Groningen Biomolecular Sciences & Biotechnology Institute, University of Groningen, 9747 AG Groningen, The Netherlands.
Department of Industrial Engineering, University of Rome Tor Vergata, Via del Politecnico 1, 00133 Rome, Italy.
ACS Nano. 2023 Jul 25;17(14):13685-13699. doi: 10.1021/acsnano.3c02847. Epub 2023 Jul 17.
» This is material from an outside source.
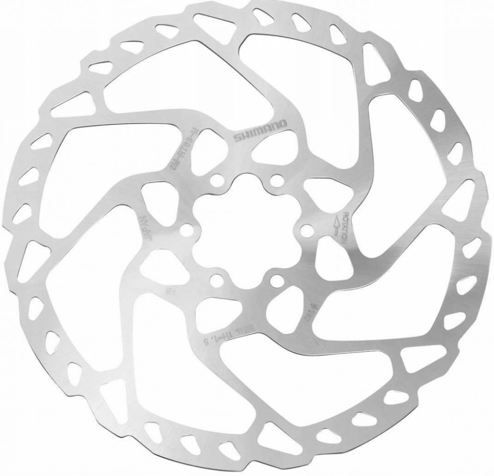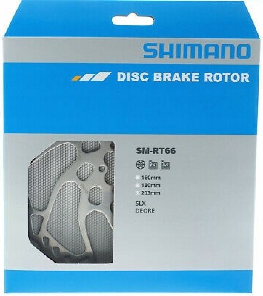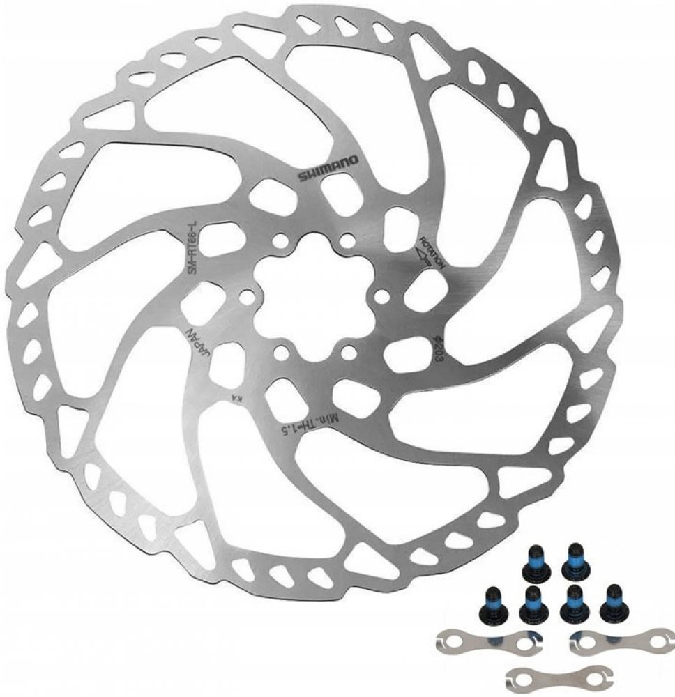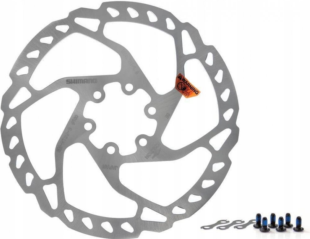 SHIMANO SLX SM-RT66 SHIMANO brzdový kotouč SLX SM-RT66 pro 6 děrové kotoučové náboje. Určený pro polymerové (resin) i metal (kovové) brzdové destičky. Nejsou kompatibilní se systémem Shimano Center-Lock. Brzdový kotouč Shimano SM-RT66 se 6 šrouby je vyroben z jednoho kusu lisované nerezové oceli, která byla dodatečně tepelně zpracována a leštěna. Je k dispozici s průměrem 160 mm a 180 mm a doporučuje se pro řadu ZEE, Deore a Alfine, ale lze jej použít i s jinými brzdami. Kotouče SHIMANO SM-RT66 poskytují konzistentní brzdnou sílu za všech jízdních podmínek. Součástí jsou 3 samosvorkové neuvolňující podložky pro rychlou a bezpečnou montáž a 6 montážních šroubů. - 6 šroubů (roztečný průměr 44 mm) - varianty průměru kotouče : 160mm /180 mm

Nanopores are promising single-molecule tools for the electrical identification and sequencing of biomolecules. However, the characterization of proteins, especially in real-time and in complex biological samples, is complicated by the sheer variety of sizes and shapes in the proteome. Here, we introduce a large biological nanopore, YaxAB for folded protein analysis. The 15 nm -opening and a 3.5 nm -constriction describe a conical shape that allows the characterization of a wide range of proteins. Molecular dynamics showed proteins are captured by the electroosmotic flow, and the overall resistance is largely dominated by the narrow constriction region of the nanopore. Conveniently, proteins in the 35-125 kDa range remain trapped within the conical lumen of the nanopore for a time that can be tuned by the external bias. Contrary to cylindrical nanopores, in YaxAB, the current blockade decreases with the size of the trapped protein, as smaller proteins penetrate deeper into the constriction region than larger proteins do. These characteristics are especially useful for characterizing large proteins, as shown for pentameric C-reactive protein (125 kDa), a widely used health indicator, which showed a signal that could be identified in the background of other serum proteins.
纳米孔是一种有前途的单分子工具,可用于电识别和测序生物分子。然而,蛋白质的特性,特别是在实时和复杂的生物样本中,由于蛋白质组中大小和形状的多样性而变得复杂。在这里,我们引入了一种用于折叠蛋白质分析的大型生物纳米孔 YaxAB。15nm 的开口和 3.5nm 的收缩描述了一种锥形形状,允许对广泛的蛋白质进行特征描述。分子动力学表明,蛋白质被电渗流捕获,并且整体电阻主要由纳米孔的狭窄收缩区域主导。方便的是,35-125 kDa 范围内的蛋白质在纳米孔的锥形腔室内被捕获的时间可以通过外部偏置来调整。与圆柱形纳米孔不同,在 YaxAB 中,电流阻塞随着被捕获蛋白质的大小而减小,因为较小的蛋白质比较大的蛋白质更深入地穿透到收缩区域。这些特性对于表征大蛋白质特别有用,如五聚体 C 反应蛋白(125 kDa)所示,它是一种广泛使用的健康指标,其信号可以在其他血清蛋白的背景下识别。